We'll need to sort out the permissions issue. Yeah, this is tough right, because you can't make assumptions about the host, including things like user and group IDs, and you can't set the IDs during image build time to what's desired by the person running the image as a container because you don't know the IDs.

If your PR were also willing to set up the build process, that'd be icing on the cake. Apologies if it's asking too much, I don't know. Even if you could get it started, that'd be helpful because I've never done anything like that. Or perhaps it's really something that needs to be handled more on my end by researching Github actions?

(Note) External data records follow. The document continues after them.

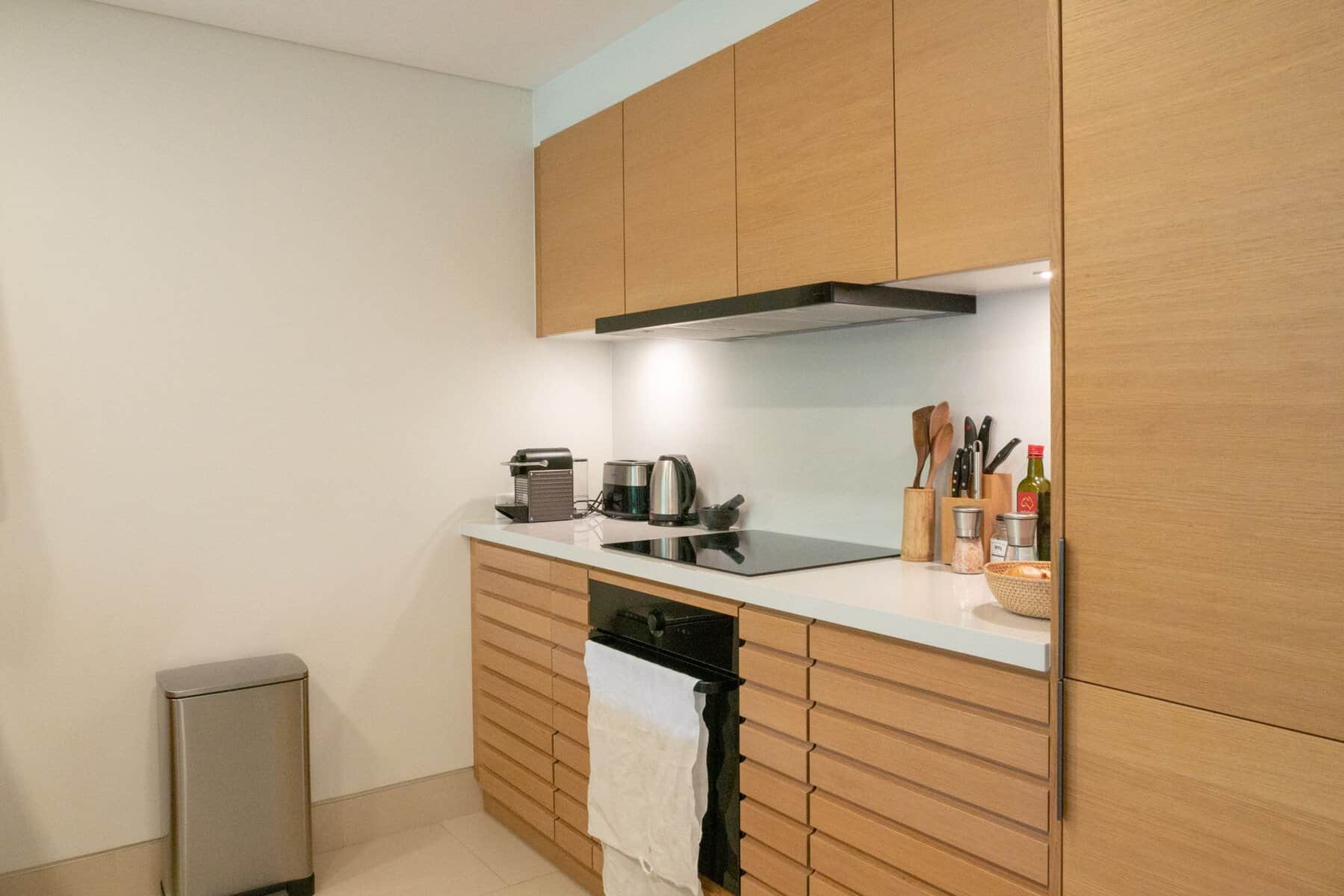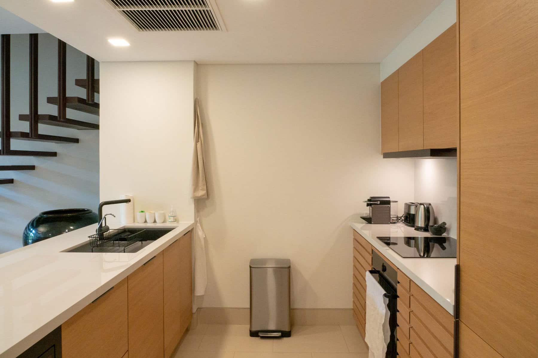 Infinity Blue’s living area is an inviting place to gather, with floor-to-ceiling glass doors that open to the terrace and pool. This air-conditioned space has a calming ambiance with grey sofas and chairs in soft fabrics arranged to face the large flat-screen TV. Satellite and internet cable service, a DVD player and Bluetooth speaker make it easy to set the mood with movies or music. The living area can be completely opened up at the front to connect it to the terrace and the cooling sea breezes. Just behind is a dining room with sea views and a table for four. The adjacent kitchen is well-equipped with modern appliances and plenty of workspace on the black granite counters.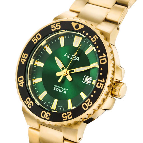 A must-have timepiece for all the watch aficionados, this men's analog watch watch from the mechanical by ALBA will be a perfect pick. The green round dial is protected by a mineral glass. The stainless steel strap comes in a gold hue that further elevates the look of the timekeeper. Besides, it is completed with a fold-over clasp with double push button safety clasp to ensure a secure fit on the wrist.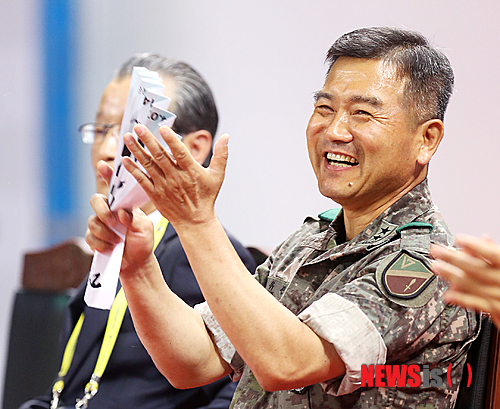 【인천=뉴시스】8일 오후 인천 삼산월드체육관에서 펼쳐진 '2014 인천세계휠체어농구선수권대회' 대한민국과 일본 경기를 찾은 육군 17사단 송유진(오른쪽) 사단장이 대한민국을 응원하고 있다. 2014.07.08. (사진=한국포토저널 제공)

tylercollier commented 1 year ago

Thanks for chatting on Discord. Just wanted to mention thanks for this idea. It hit me the other day as I was trying to use the tool bee-queue/arena, and I wished someone had dockerized it. Actually... they had. It's just woefully old and buggy and they aren't paying attention to their issues and pull requests which fix the problems for them. So when I do this, I'd like to set it up right to auto build (as you mentioned). That being said, it still pains me with the limitations in v1 of this project so I'm focusing on the rewrite, and then will feel better about dockerizing that.

ckeeney commented 1 year ago

No worries. I will close this issue for now.

That said, I am running a dockerized version of this application so if someone ever needs help getting that working feel free to point them my way on discord.